_TASK OBJECTIVE_. Dropping every picture, set down exactly the lines in the entries below, starting with the line with "00:14:28Die Vorbereitungen sind" and going on through the line with "- Комплектът включва: Камион".

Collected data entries
[Start of Attachment]

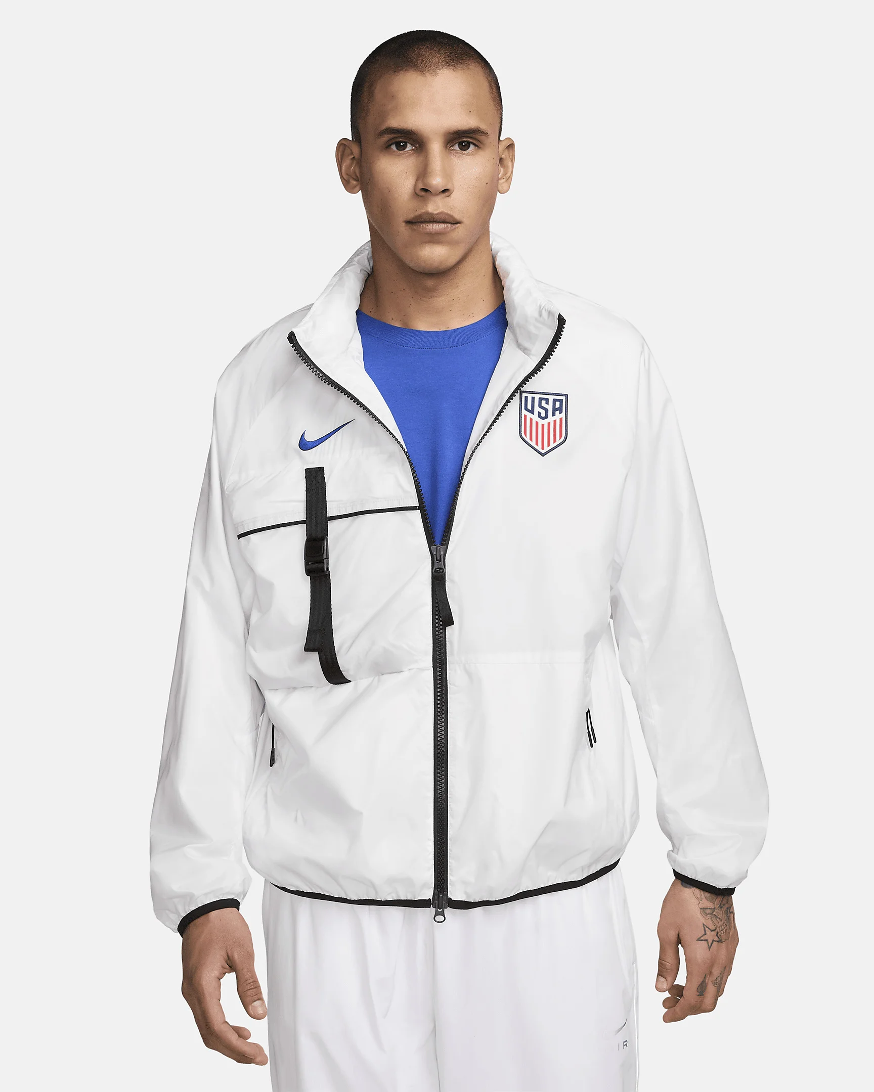 Stand with your country in this USMNT jacket. With smooth ripstop fabric and mesh lining, it's lightweight and breathable while remaining durable. A stow-away hood is zippered into the collar with bungee adjustment for on-demand coverage from the elements. Benefits - Front utility pocket with buckle closure and zippered hand pockets give you secure spots to store your daily essentials. - Jacket packs down into pocket for easy, on-the-go storage. - Designed to feel relaxed through the shoulders, chest and body provide an athletic fit you can layer. Product Details - Body/Lining/Mesh: 100% polyester - Machine wash - Imported - Shown: Summit White/Old Royal - Style: FZ8367-121 SIZE & FIT Model is wearing size M and is 6′1″185cm Loose fit: roomy and relaxed
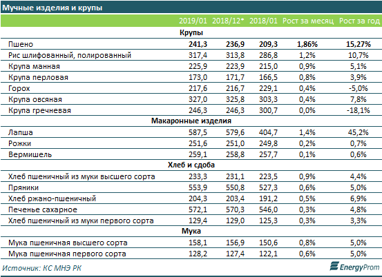 Цены на крупы по итогам января текущего года поднялись менее чем на 2 процента за месяц, на макаронные изделия - менее чем на 1,5 процента. В сегменте хлебобулочных изделий и сдобы незначительно вырос в цене лишь пшеничный хлеб высшего сорта (+0,9 процента за месяц), цены на прочую продукцию поменялись еще меньше. Также менее чем на 1 процент увеличились цены на муку.
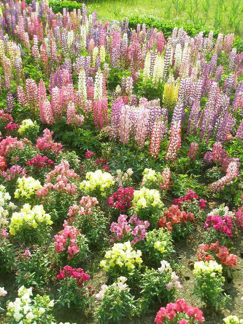 1万2千株のキンギョソウとルピナスのカラフルな散歩道。
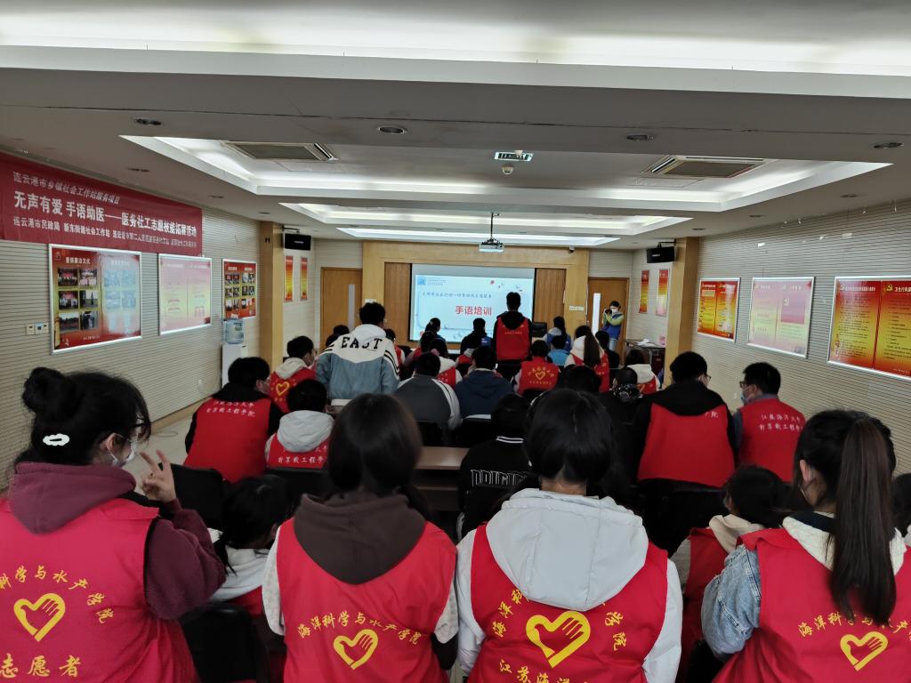 十位志愿者前往连云港市第二人民医院参与“无声有爱,手语助医”医务社工志愿技能拓展活动。此次活动由连云港市民政局、新东街道社会工作站、连云港市第二人民医院医务社工站等单位联合举办。
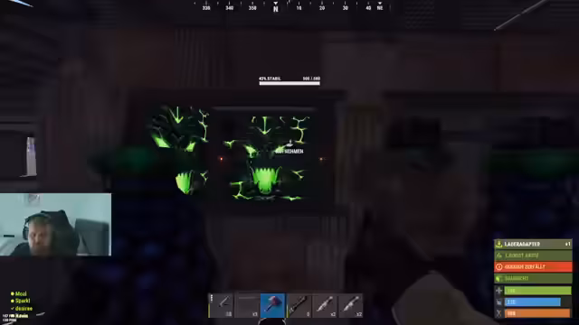 00:14:28Die Vorbereitungen sind abgeschlossen und der Raid wird gestartet. Das Team stürmt eine Nachbar-Base und wird dabei intensiv beschossen. Es kommt zu heftigen Kämpfen, bei denen der Streamer verwundet wird und Loot verliert, was zu Frustration führt. Nachdem es gelungen ist, die Gegner zu eliminieren, wird die Base systematisch geplündert und wichtige Ressourcen wie Sulphur und Rohöl geborgen.
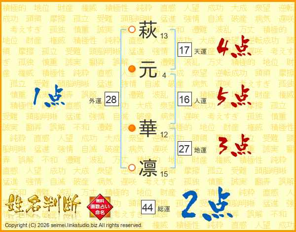 あなたの人生を表す1番重要な運勢です。生涯を通じて影響する総合運となり、主に50歳以降の晩年期に影響を及ぼします。苗字と名前の合計画数。
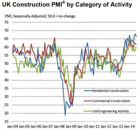 Residential construction posted the fastest rise in activity, despite the pace of expansion moderating slightly to a three-month low. Civil engineering activity increased at the strongest pace since March, while growth of commercial construction again held close to its fastest since the summer of 2007.
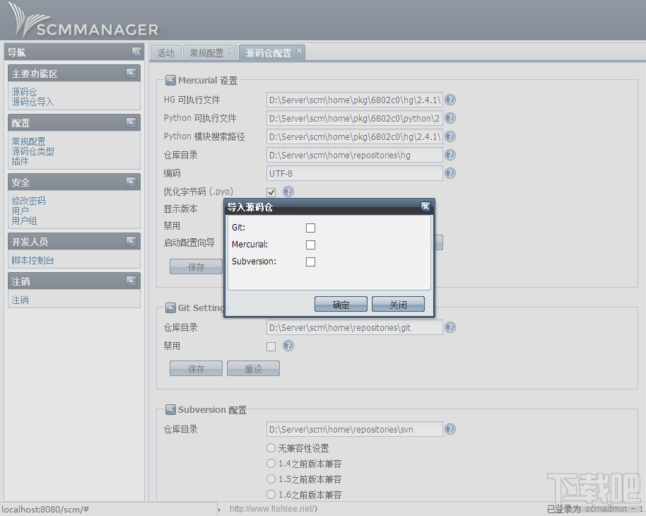 SCM Manager是一款同时支持Git、Subversion、Mercurial的源代码管理服务器,基于Java构建。相对于其他源码管理服务器,它具有如下优势:安装简单;无需手动配置,从web界面即可进行配置;无需任何WEB服务器和数据库支持;支持用户、用户组和权限控制;脱离第三方软件支持Git、Mercurial、HG和Subversion;全REST客户端API;友好的用户界面和简单的插件API;很多插件可用;BSD授权。
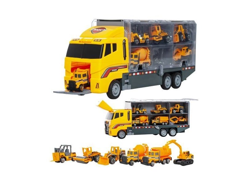 - Комплектът включва: Камион автовоз и 6 строителни машини
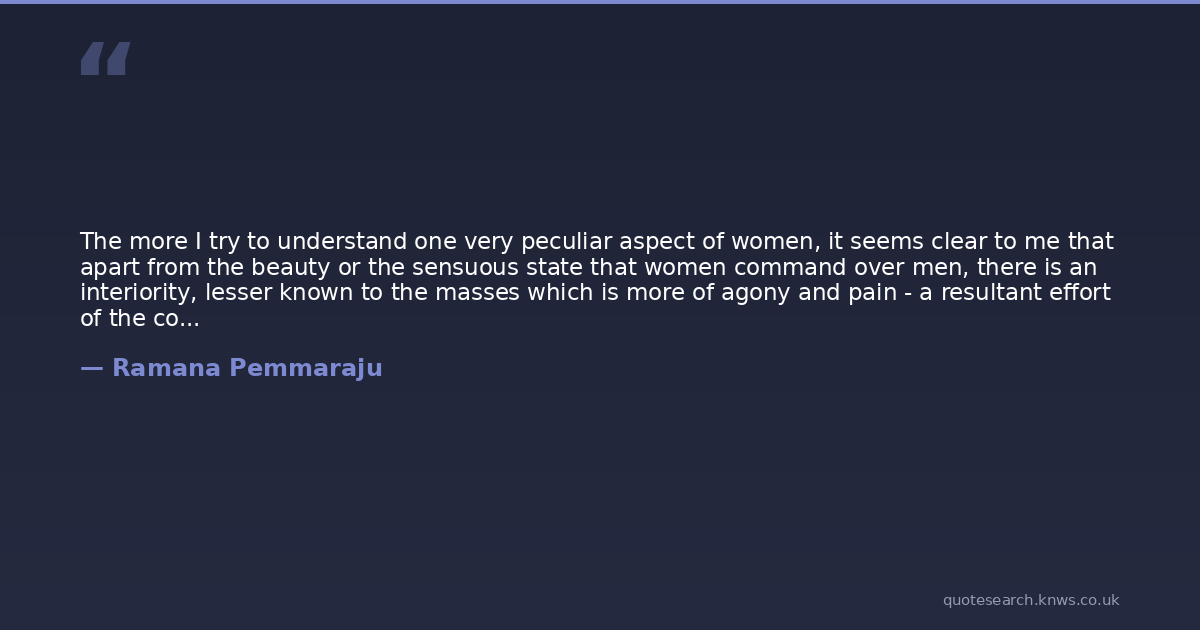 The more I try to understand one very peculiar aspect of women, it seems clear to me that apart from the beauty or the sensuous state that women command over men, there is an interiority, lesser known to the masses which is more of agony and pain - a resultant effort of the continuous mood swings and the frequent natural cycles that buoy them, it is in this state that women function and calibrate on this basis in selecting their soul mate and not the usual histrionics that men take effort in pleasing them!
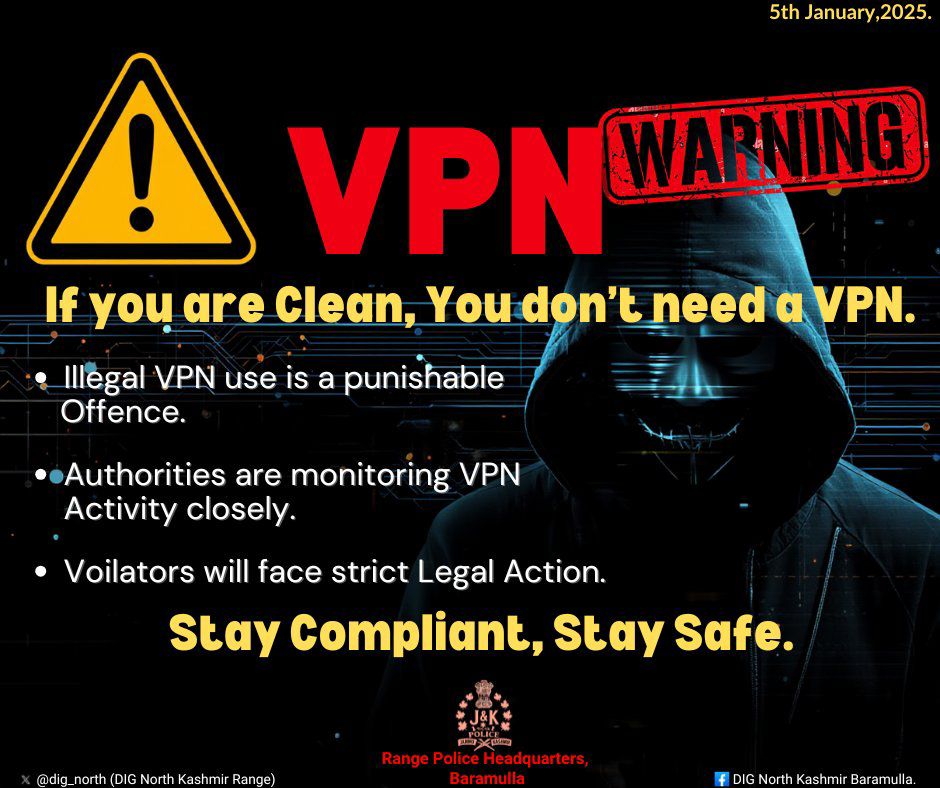 Baramulla, Jan 05:Jammu and Kashmir Police on Monday issued a public advisory cautioning people against the illegal use of Virtual Private Networks (VPNs), stating that such activities are punishable under law.
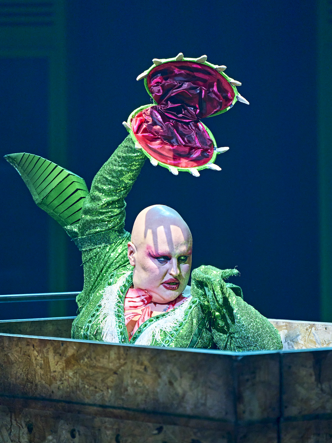 Add to this the ever-growing Audrey II (played by Sam Buttery, who serves sass by the bucket load). The increasingly hungry, monstrous plant is brought to life by a troupe of twisting vines and snapping Venus fly traps, creating a show that’s as visually mesmerising as it is delightfully chaotic.
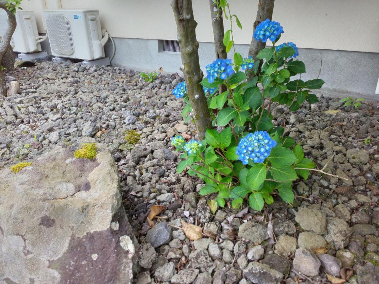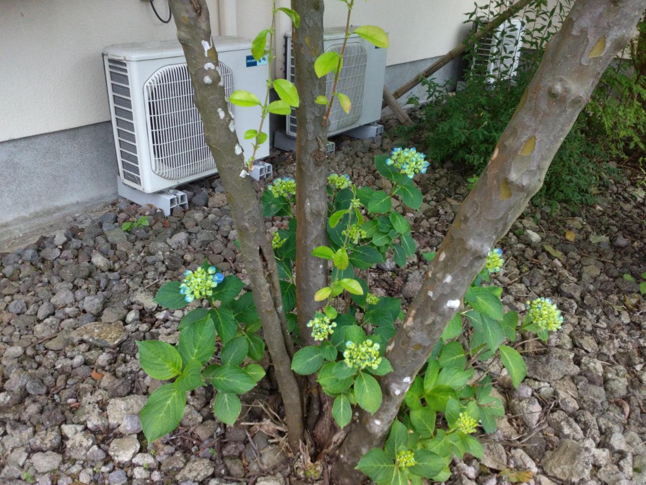 日陰の紫陽花も、先週は色がついてませんでしたが
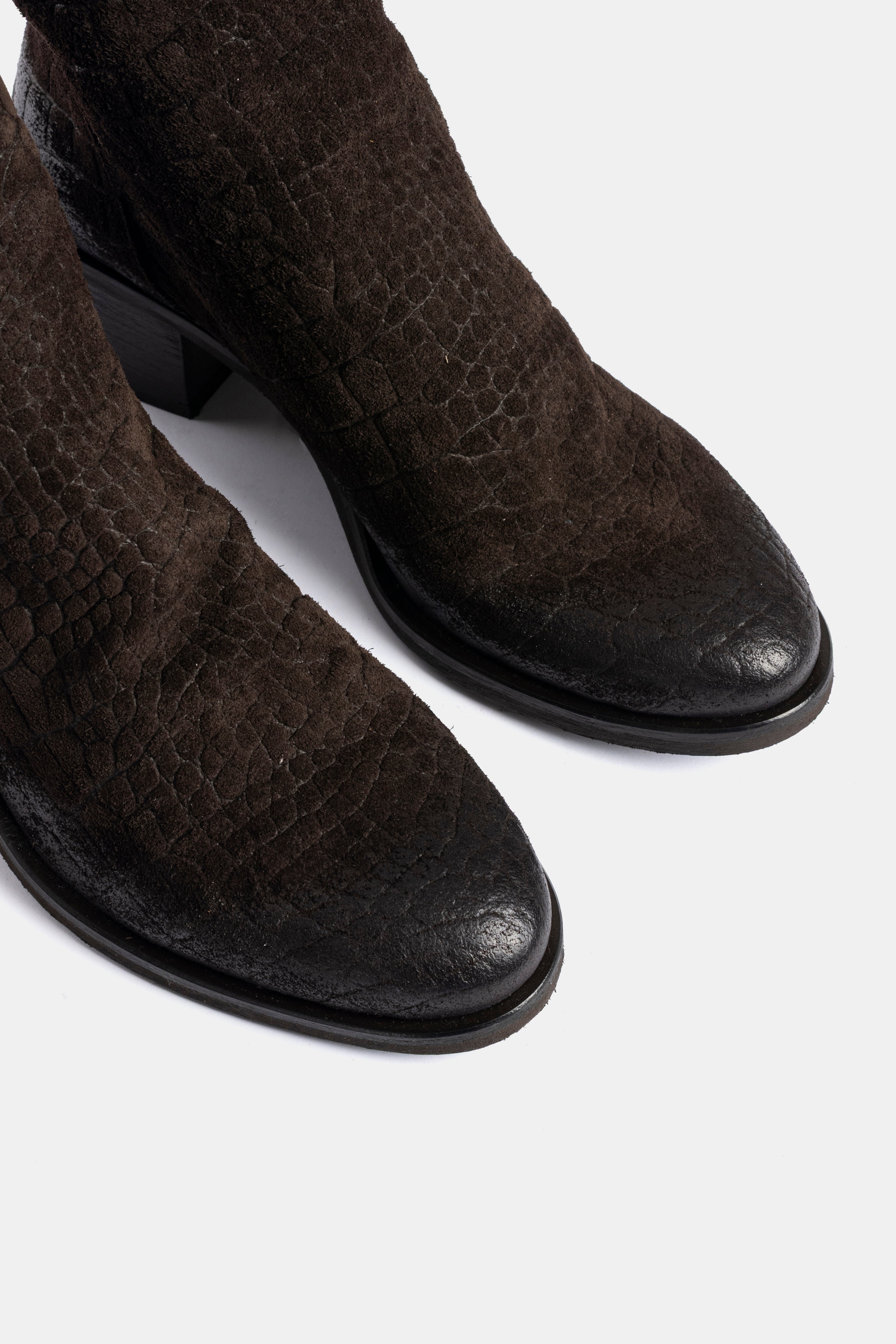 Tronchetti realizzati in camoscio cocco testa di moro.
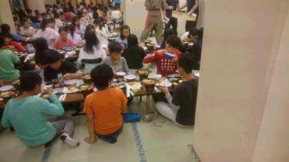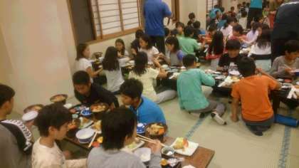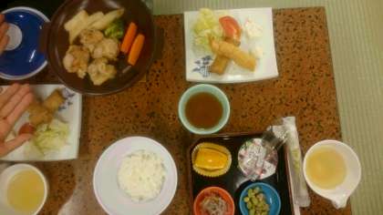夕食タイム。たくさん歩いたので、お腹ペコペコです。いただきまーす。
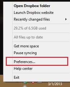 1) haga clic en el icono de Dropbox en la barra de tareas.
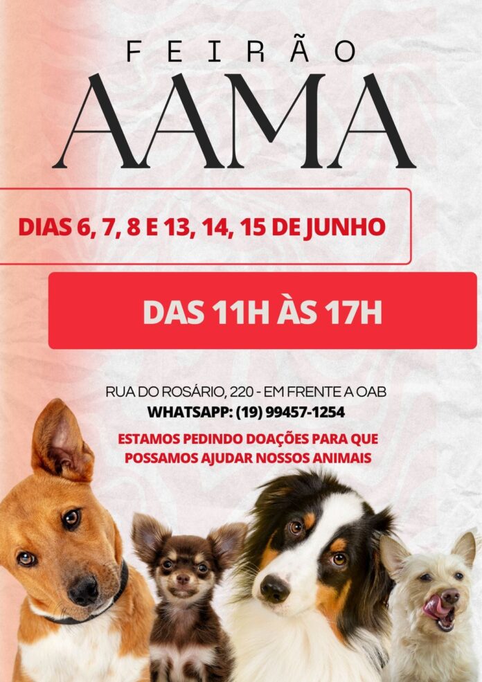A Associação Amigos dos Animais (AAMA) de Vargem Grande do Sul está realizando um Feirão neste mês. O evento teve início na quinta-feira, dia 6, e segue até este sábado, dia 8.
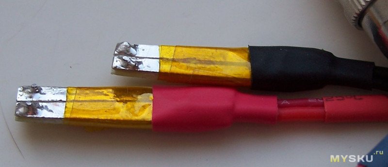 С учётом тока 5 А (мВ делил на 5) оно оказалось 0,32 мОм, вставил между ними медную ленту 0,1 мм, пошевелил, — 0,68 мОм, вставил латунную ленту 0,1 мм — 3,3 мОм.Промерил сопротивление от минусового контакта до конца провода 12AWG (~20 см) — 32 мОм, у плюсового — 22,6 мОм.
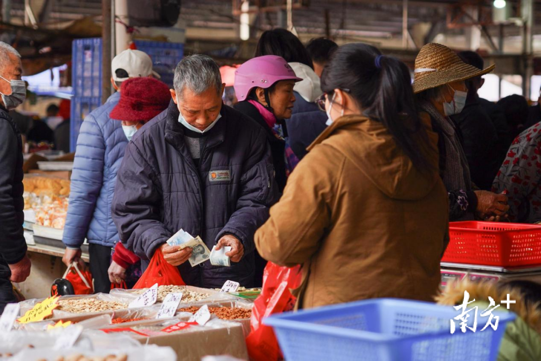 在春节期间迈入振华路和细村市场,立刻就能体验到莞邑大地上最传统的年味儿。来到这些传统市集的消费者以中老年市民为主,他们多数与家人同行,也有许多选择与“老姐妹”“老兄弟”结伴进行新年大采购。

[End of Attachment]

_SOLUTION FOR THIS TASK_.
 00:14:28Die Vorbereitungen sind abgeschlossen und der Raid wird gestartet. Das Team stürmt eine Nachbar-Base und wird dabei intensiv beschossen. Es kommt zu heftigen Kämpfen, bei denen der Streamer verwundet wird und Loot verliert, was zu Frustration führt. Nachdem es gelungen ist, die Gegner zu eliminieren, wird die Base systematisch geplündert und wichtige Ressourcen wie Sulphur und Rohöl geborgen.
 あなたの人生を表す1番重要な運勢です。生涯を通じて影響する総合運となり、主に50歳以降の晩年期に影響を及ぼします。苗字と名前の合計画数。
 Residential construction posted the fastest rise in activity, despite the pace of expansion moderating slightly to a three-month low. Civil engineering activity increased at the strongest pace since March, while growth of commercial construction again held close to its fastest since the summer of 2007.
 SCM Manager是一款同时支持Git、Subversion、Mercurial的源代码管理服务器,基于Java构建。相对于其他源码管理服务器,它具有如下优势:安装简单;无需手动配置,从web界面即可进行配置;无需任何WEB服务器和数据库支持;支持用户、用户组和权限控制;脱离第三方软件支持Git、Mercurial、HG和Subversion;全REST客户端API;友好的用户界面和简单的插件API;很多插件可用;BSD授权。
 - Комплектът включва: Камион автовоз и 6 строителни машини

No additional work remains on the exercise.